Thinking Through AWS Anomalies with Valentino Volonghi of AdRoll
In A Comedy of Errors, we talk to engineers about the weirdest, worst, and most interesting application and infrastructure issues they’ve encountered (and resolved) over the years. Our first engineer is Valentino Volonghi. He’s the CTO of AdRoll and was also one of their very first employees way back when.
This particular issue is from a long time ago. There are fun ones throughout our history, of course, but this one was particularly obscure and didn’t present itself in a way that you would normally expect. Developers might often think back on a time when the system crashed or they faced some sort of spectacular failure, and certainly every company has its own fair share of these. However, in our case, the most fascinating event was one in which we were seeing a critical failure, but no machines were crashing, and the systems appeared to be completely healthy.
At AdRoll, we manage billions of requests on a daily basis. To accomplish this, we load-balance and scale that traffic across numerous machines. At the same time, we’re always looking to ensure we don’t have more machines than we need because excess boxes beyond a certain level just cause extra headaches during releases and maintenance.
We use AWS here and, whenever Amazon releases a new system that’s even a little bit faster, we usually adopt it with two goals:
Continue to move towards using fewer machines to accomplish the same amount of work
Minimize the ways a box can fail or behave unexpectedly
A few years ago, Amazon released the C3 Instance Family. At the time, we were using C1 Extra Large Instances, so this felt like the right moment to upgrade. The process was incredibly smooth. Not only did it enable us to use fewer instances, but we also saw the number of timeouts generated by the software drop from an already low 0.1% rate to what was effectively a 0% rate. There were very occasional timeouts but, for practical purposes, the machines themselves never timed out. From an engineering perspective, that was fantastic. If you remove even that tiny 0.1% failure rate, it means we can process many more requests, and our customers can realize even more revenue due to better performance.

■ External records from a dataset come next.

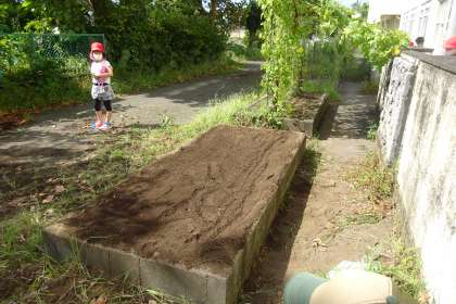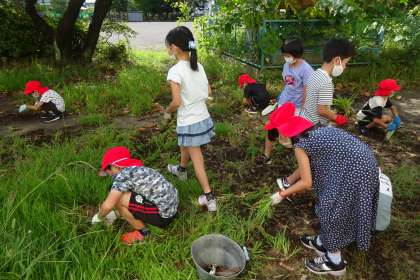花壇の周りの草取りも行い、土作りが完了しました。Chromebookを使って種メーカーの野菜作りのサイトを見て、どの野菜が2年生でもできるかを調べた結果、「ほうれん草」と「葉ねぎ」に決まったようです。
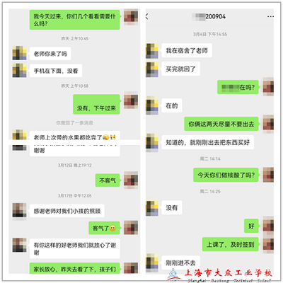 如此高强度的工作,除了一日三餐外,王顺几乎没有时间和家人交流, 对此,他的爱人,同为大众工业学校的现代制造系实训指导老师李聪,给予了充分的支持和理解,而她本人作为班主任,也时刻牵挂关心着班级每一位学子的学习与生活。在学校全面开启居家线上教学后,她每天都和学生们保持联系,利用班级微信群和同学们“云”互动,及时了解掌握同学们的思想动态。
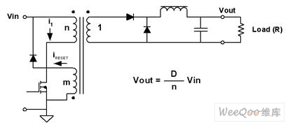 圖1中的這個(gè)拓?fù)湎喈?dāng)受到歡迎,主要原因是元件數(shù)少且設(shè)計(jì)要求簡單,但對于不同負(fù)載情況的高效能要求卻為這個(gè)拓?fù)鋷硇绿魬?zhàn)。在接近滿載或滿載時(shí),這個(gè)拓?fù)涞男苁艿?0%占空比的限制。而在較輕負(fù)載時(shí),開關(guān)耗損是造成效能不佳的主要原因。很多較新的設(shè)計(jì)采用功率因數(shù)校正(PFC)前端來降低諧波電流,在400 V的PFC輸出電壓下,單開關(guān)正向方式被迫使用大于900 V的開關(guān),進(jìn)步了FET的本錢。
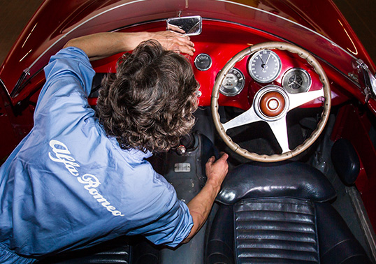 Le lien indéfectible avec Milan est la pierre angulaire de l'image d'Alfa Romeo. L'idée du logo vient d'un jeune illustrateur nommé Romano Cattaneo, grand ami de Giuseppe Merosi. Alors qu'il attendait le tram numéro 14 sur la Piazza Castello, son attention fut attirée par le Biscione Visconteo sur la tour principale du Castello Sforzesco. Ce fut le coup de foudre, mais il manquait encore quelque chose. Cattaneo et Merosi ont alors travaillé sur différentes versions : la plus convaincante montrait le dragon Biscione d'un côté, et l'emblème de la ville de Milan, une croix rouge sur fond blanc, à gauche.
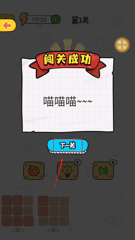 4、完成关卡后,点击“下一关”按钮,继续挑战更高难度的关卡。

However, over the course of the week that followed, we learned that our machines weren’t spending their budgets properly, but we couldn’t figure out why, since everything should have been better than ever! After a lot of investigation, we realized that CPU usage wasn’t very high on most of the machines that were sitting behind one particular load balancer. We immediately looked at this as the culprit, but we weren’t sure it wasn’t just a symptom instead of the cause.
As we thought it through, we kept coming back to the fact that the most notable change that occurred with the release wasn’t the software itself; it was the remarkable drop in timeout rate. And that’s when we pinpointed that the core problem was this lack of timeouts.
But why?
In advertising, in particular, connections are typically very long-lived. Between an exchange in our machines, a connection can last several hours and receive many thousands of requests. In this way, we save the latency required by the handshake of a new connection.
Additionally, we were using Level 3 load balancers that were focused on specific connections rather than HTTP requests. This was to ensure we had as little latency as possible in the chain. As a result, the first two or three instances that joined the load balancer group post-deployment received most of the connections. Since they weren’t timing out anymore, they were holding on to these connections, and traffic wasn’t being balanced across all the machines.
The problem is that every single machine is assigned a budget that needs to be spent, but the machines that were hogging all the connections were the only ones able to spend their own budgets. All the other machine budgets went unspent. This lead to us spending significantly less money than usual.
Obviously, we wanted to stick with the new instances, but we needed to solve this problem for the future. We ultimately built out a long-term solution, but in the short-term, our quick-and-dirty fix was to introduce random timeouts into the software so that there was a 1-in-10,000 chance a connection would time out, giving the system a natural incentive to rebalance the connection and location across different boxes. Even in a worst-case scenario, this ensured connection pooling was effectively well allocated, even for our very long-lasting connections.
It took us about a week to come up with this solution and, because we weren’t spending as much money, we also weren’t taking in as much money, causing us to see a drop in revenue for that week. What we learned is that normal alerts and signals are not enough, that you’re not always looking in the right place to find the key that will help you quickly solve an issue. So you need a way to discover and think through anomalies that are outside the range of your normally expected events.